Treatment of a Delayed Hypersensitivity-like Reaction after Second-line Therapy with Dabrafenib-Trametinib: A Case Report

1RS McLaughlin Durham Regional Cancer Center, Lakeridge Health, Oshawa, Canada

2Jagiellonian University Medical College, Krakow, Poland

3Poznan University of Medical Sciences, Poznan, Poland


American Journal of Medical Case Reports. 2022, Vol. 10 No. 5, 140-145
DOI: 10.12691/ajmcr-10-5-6
Copyright © 2022 Science and Education Publishing

Cite this paper:
Rama Koneru, Jahnavi Mundluru, Abdul Subhan. Treatment of a Delayed Hypersensitivity-like Reaction after Second-line Therapy with Dabrafenib-Trametinib: A Case Report. American Journal of Medical Case Reports. 2022; 10(5):140-145. doi: 10.12691/ajmcr-10-5-6.
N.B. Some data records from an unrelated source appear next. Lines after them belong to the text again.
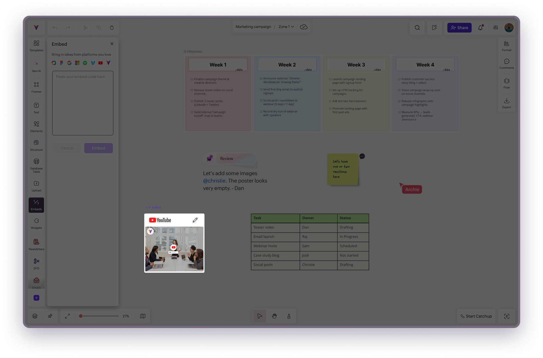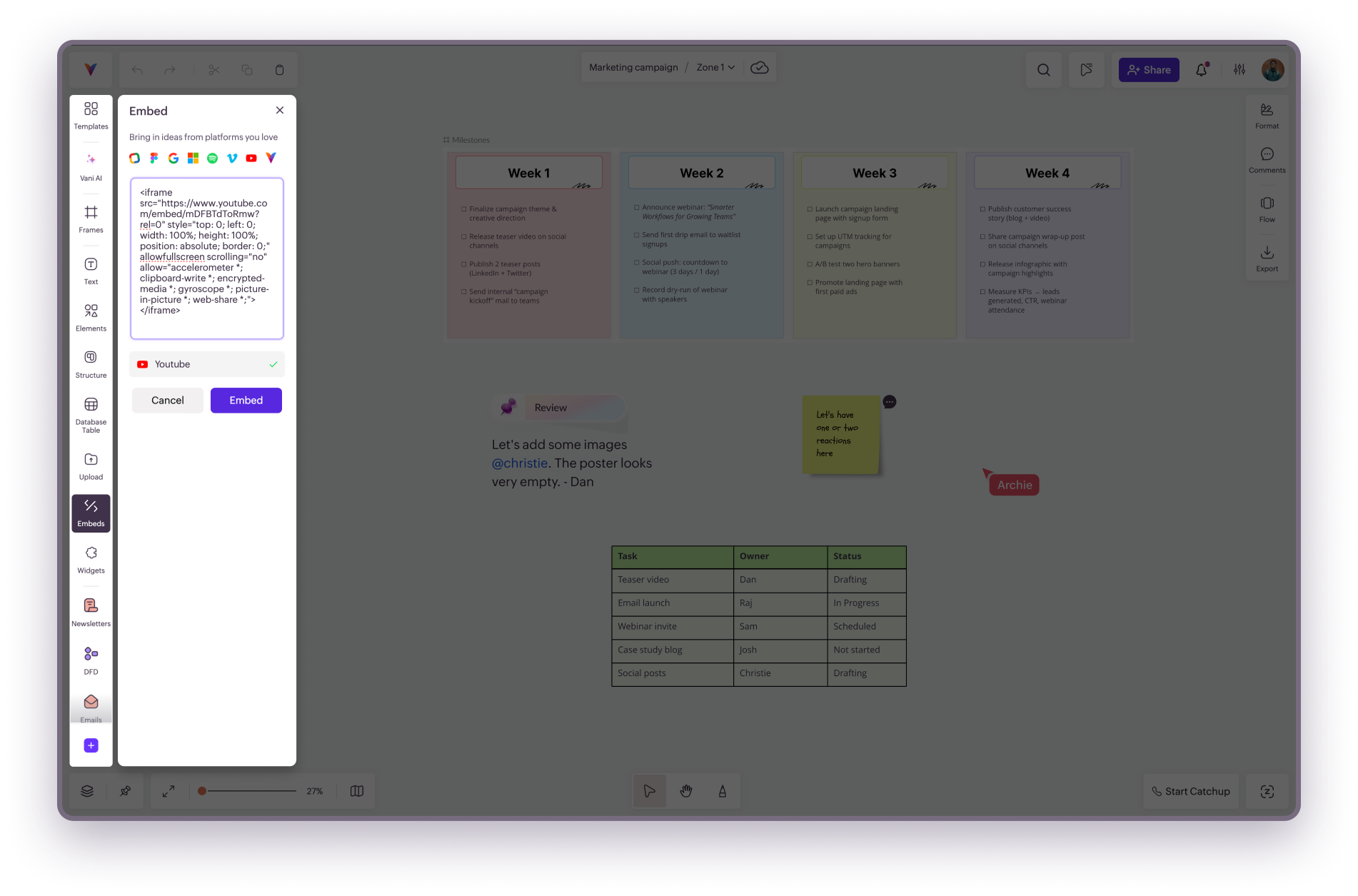 You can enrich your Space by embedding content from external apps. Embeds allow you to bring in references, inspirations, and live documents without leaving Vani. This makes it easier for your team to view and interact with relevant resources while collaborating.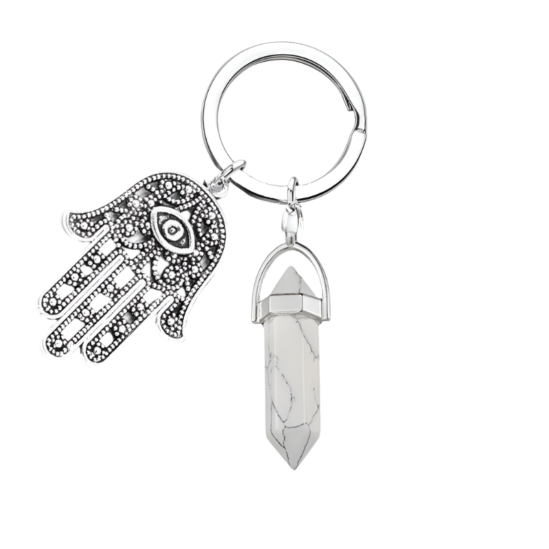 Llavero mano de Fátima con piedra hexagonal de Turquesa Blanca, perfecto para llevar contigo un poco de esta maravillosa figura espiritual.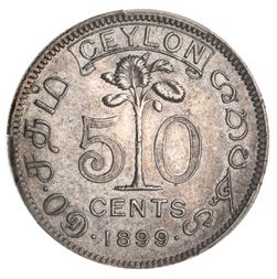 CEYLON, British Administration, Queen Victoria, silver fifty cents, 1899 (KM.96). Nearly uncirculated.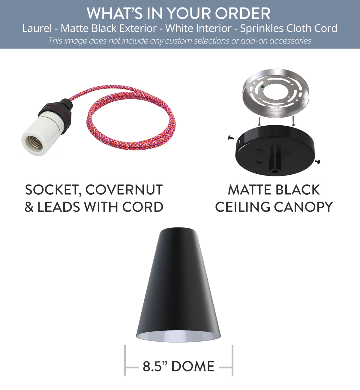 Laurel x (1) Color: Matte Black Interior Color: White Mount: 4 ft Sprinkles Cloth Cord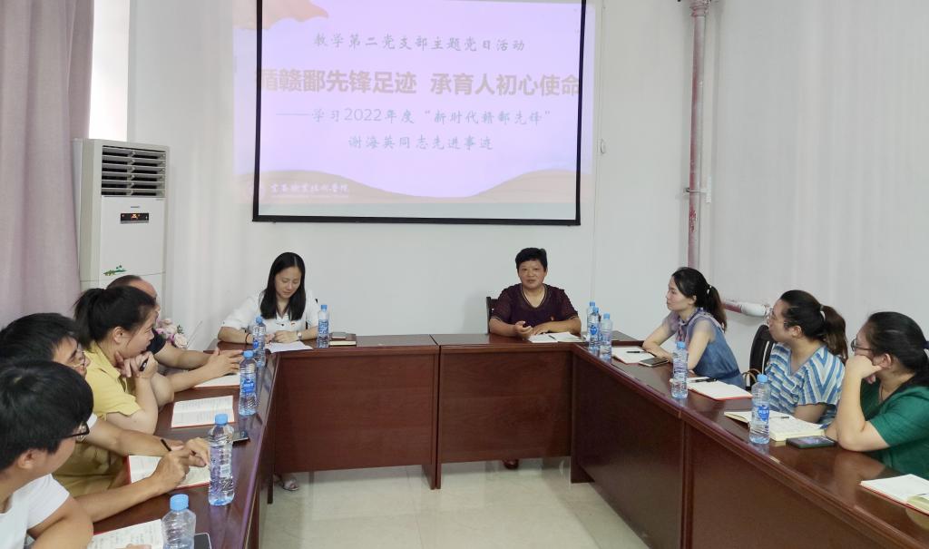 本站讯(教学第二党支部 卢凯)为持续推进党员先进性教育,大力弘扬“孺子牛、拓荒牛、老黄牛”精神,进一步激励党员教师见贤思齐、创先争优,8月26日上午,教学第二党支部召开党员大会暨主题党日活动,会议邀请了2022年度“新时代赣鄱先锋”谢海英同志做分享交流,由党支部书记彭慧洁同志主持,全体党员参加。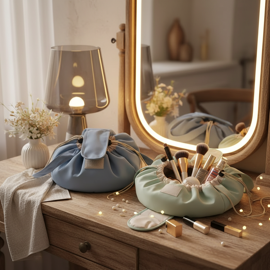 Tahle „líná kosmetická taška“ se rozloží do kruhu – všechny věci jsou přehledně vidět.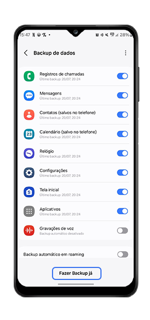 Para fazer um backup dos dados de saúde que foram armazenados no app Samsung Health, siga estes passos: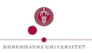 It is a white flag with logo, the university seal in red with white inscription and image plus two red dots, the smaller one tierced by a red horizontal line. At bootm the name in Danish in dark grey serifed initials.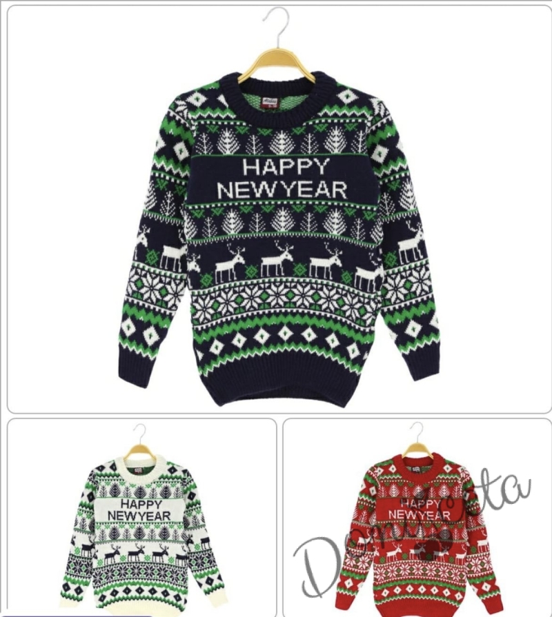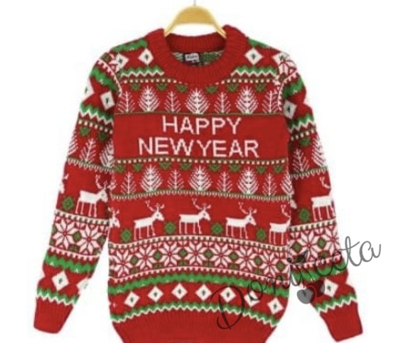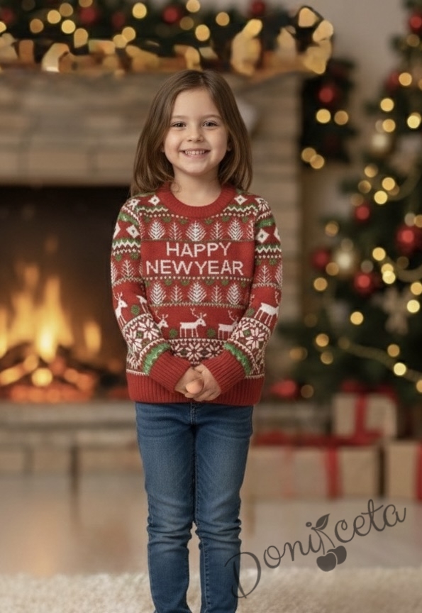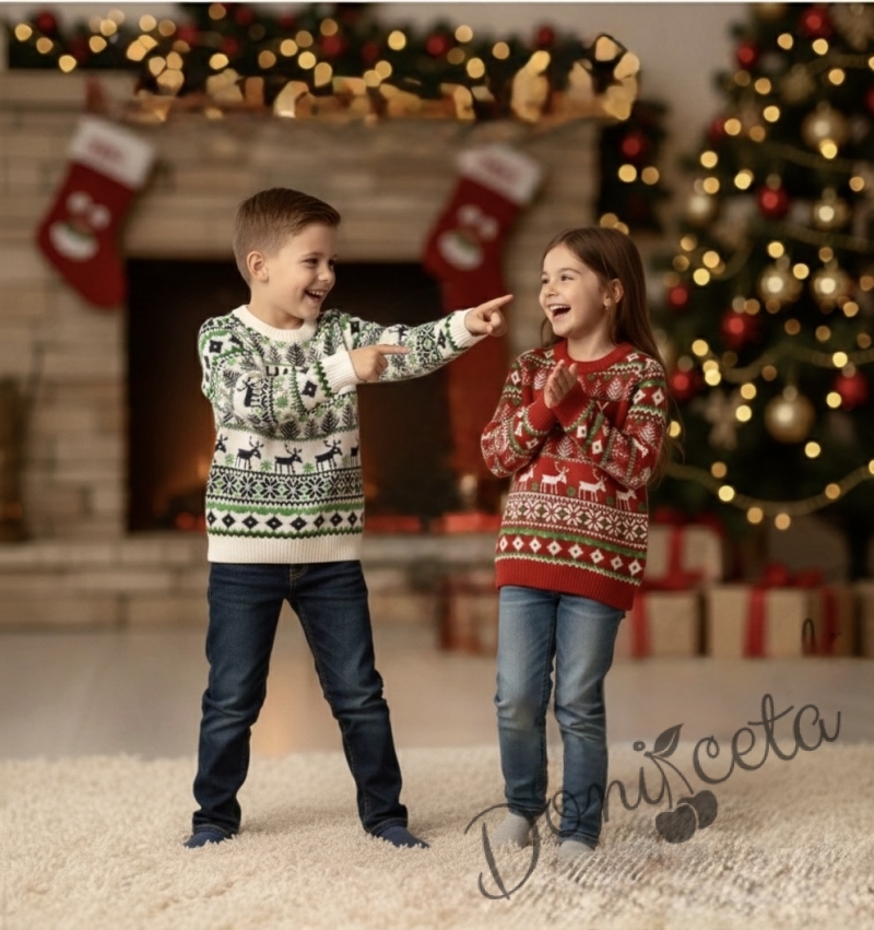 - Детски коледен пуловер в червено и зелено с коледни мотиви с еленчета.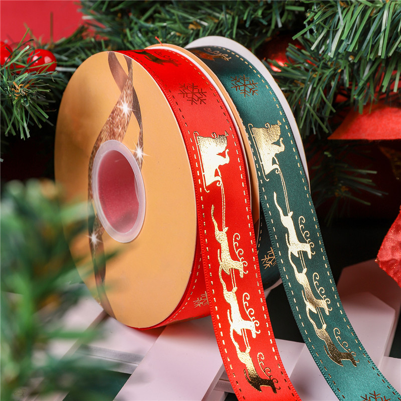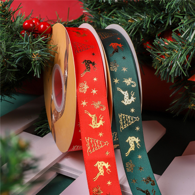 - 規格型號:燙金滌綸帶2.5cm5號綠色聖誕麋鹿50碼/卷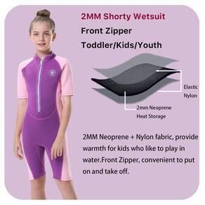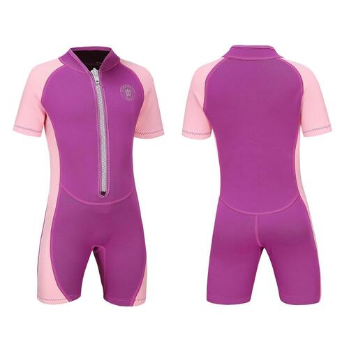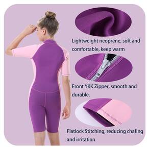 Lemorecn Wetsuits Kids Neoprene 2 mm Zip Frontal Maiô Curto (4022purplepink14) - Roupa de mergulho infantil acessível projetada para todos os esportes aquáticos como natação, mergulho, mergulho, paddle boarding, surf, caiaque ou pendurar na praia. - Neoprene de 2 mm para aquecimento sem sacrificar a flexibilidade. - Proteção UV 50+ ajuda a proteger contra crianças da exposição ao sol - Projetado para aumentar o calor, permitindo que as crianças mergulhem, mergulhem e mergulhem por mais tempo e mais quentes. - Design com zíper frontal: zíper frontal fácil de colocar e tirar

Correspondence to: Rama  Koneru, RS McLaughlin Durham Regional Cancer Center, Lakeridge Health, Oshawa, Canada. Email: rkoneru@lh.ca

Abstract

Melanoma is the third most prevalent skin cancer with the highest mortality rate amongst skin cancers. Recent therapeutic developments have improved its treatment options, however significant toxicity can be a limiting factor. In this report, we describe a case of a rare, delayed hypersensitivity-like reaction after treatment with dabrafenib-trametinib as a second line therapy in a metastatic melanoma patient treated with pembrolizumab initially. A 62-year-old Caucasian male presented with a left axillary mass, which was found to be BRAF V600E positive malignant melanoma upon biopsy. He proceeded to have full axillary node dissection and was scheduled to receive adjuvant immunotherapy with pembrolizumab. However, the treatment was delayed by 3 weeks due to COVID-19. The patient developed subcutaneous metastases within that time. Although he was started on pembrolizumab, the metastases continued to progress. The patient then opted to begin dabrafenib-trametinib and was started on full dose therapy. After two weeks, there was significant reduction of metastases clinically. Two days after the follow-up, he presented to the emergency room with diffuse non-pruritic hives all over the body without any symptoms of angioedema. In addition, there was a sudden increase in size of the subcutaneous metastases. He was treated with 50 mg Benadryl and 50 mg prednisone with almost immediate resolution and discharged on prednisone. Dabrafenib-trametinib was temporarily discontinued. Due to the limited treatment options, the patient was carefully restarted on his dabrafenib-trametinib regimen with slow prednisone tapering. Patient has had an excellent response with complete resolution of his disease with no measurable lesions found on the latest CT scan. After a thorough literature search of OVID Medline + EMBASE, it was concluded that this is a rare presentation and only a few similar cases have been reported. Therefore, health care provider education and strategies for reintroduction of immunotherapy, as presented through a prednisone regimen in this case, is imperative for proper management of adverse events.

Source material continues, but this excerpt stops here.